Some irrelevant thoughts tumbled out. Random ones, like how she wasn’t the usual delivery guy from House of Luck. Or that his late-night takeout hadn’t arrived. Then it finally hit him.
He remembered he looked like a slob in a hairy brown Koowiee robe. In front of gorgeous Lillian Walker. And then his stomach decided to growl from hunger like a warg-bear in Dawn of Man. Shock quickly faded away to complete and utter humiliation.
They stood in the hallway staring at one another forever. Footsteps suddenly echoed up from the bottom of the stairwell. Someone moved behind Lillian. Someone with a red cap embroidere
d with a big gold lotus.
“Hey, Sam. Here you go. Total comes to sixteen-fifty. And before you ask, yes, I checked and, yes, the egg rolls are in there.”
Sam heard Kevin talking. Out of the corner of his eye, he saw the guy’s lips moving and knew Kevin held a big bag of great-smelling Chinese food.
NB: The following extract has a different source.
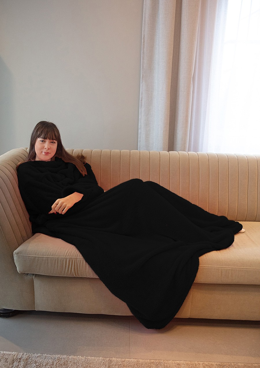Nie czekaj! Wzbogać swoją garderobę o koc z rękawami - Puch Czarny i ciesz się komfortem oraz elegancją na co dzień!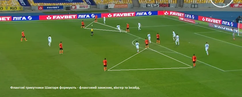 На схемі вище – структура позиційної гри Шахтаря в атаці. Донеччани постійно створювали трикутники на флангах. У їхній побудові брали участь фланговий захисник, вінгер та інсайд (класична вісімка). Часто три гравці, Степаненко та два центрбеки залишалися позаду – проти одного форварда Динамо. Це ще один приклад надмірної обережності "гірників".

But Sam couldn’t stop staring at Lillian. The Firespawn theme music died down in his headphones. Kevin cleared his throat. Lillian tilted her head in Kevin’s direction and raised an eyebrow.
Sam stuck his handful of wadded cash out to Kevin and managed to mumble, “Thanks, Kev. Egg rolls, yes. Keep the change, yes.”
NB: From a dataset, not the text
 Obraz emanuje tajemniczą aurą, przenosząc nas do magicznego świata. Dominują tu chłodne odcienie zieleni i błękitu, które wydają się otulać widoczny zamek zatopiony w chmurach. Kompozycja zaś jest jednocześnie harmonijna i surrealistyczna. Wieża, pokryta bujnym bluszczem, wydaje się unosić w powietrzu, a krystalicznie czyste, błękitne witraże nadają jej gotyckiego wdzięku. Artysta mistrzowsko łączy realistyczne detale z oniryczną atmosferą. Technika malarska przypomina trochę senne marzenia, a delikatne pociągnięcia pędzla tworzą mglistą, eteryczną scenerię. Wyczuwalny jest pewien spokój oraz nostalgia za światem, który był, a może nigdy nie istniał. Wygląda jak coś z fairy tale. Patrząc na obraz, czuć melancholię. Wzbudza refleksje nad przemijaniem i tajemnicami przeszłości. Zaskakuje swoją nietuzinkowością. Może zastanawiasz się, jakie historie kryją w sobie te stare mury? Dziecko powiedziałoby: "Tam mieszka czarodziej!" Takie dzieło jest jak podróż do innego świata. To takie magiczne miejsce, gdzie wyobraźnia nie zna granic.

Kevin disappeared. Sam heard a word of thanks and shoes stomping back downstairs. Lillian now wore a little grin on her face. The patronizing kind. The kind making Sam feel as stupid as he knew he looked.
“Do you realize you tipped that delivery guy at least two hundred dollars?” she asked.
“Uh . . . yeah. Of course.” He didn’t know but thought he covered well. Then he gestured behind him. “Guess you’d better come in.”
“Are you asking, or telling?”
“Asking. We need to talk, and I order more takeout than I can eat. There’s plenty if you’re hungry.”
Sam backed against the door until it hit the wall behind. Lillian accepted his invitation, brushing past him as she entered the apartment. The scent of popcorn and perfume wafted up to his nose, relaxing and turning him on at the same time. No small feat. Two hours of vanquishing a hell troll horde on his last level of Firespawn had officially fried his nerves.
He closed the door and watched Lillian inspect his living room. The place had a particular kind of charm—the old, lead-paint kind. But he loved it. From the eighties movie posters on the powder-blue plaster walls to the out-of-place antique oak curio protecting his collection of Bakufū-Tech action figures, it screamed him. And while Lillian took a look around, eying everything in that unreadable way of hers, Sam screamed, too. Internally.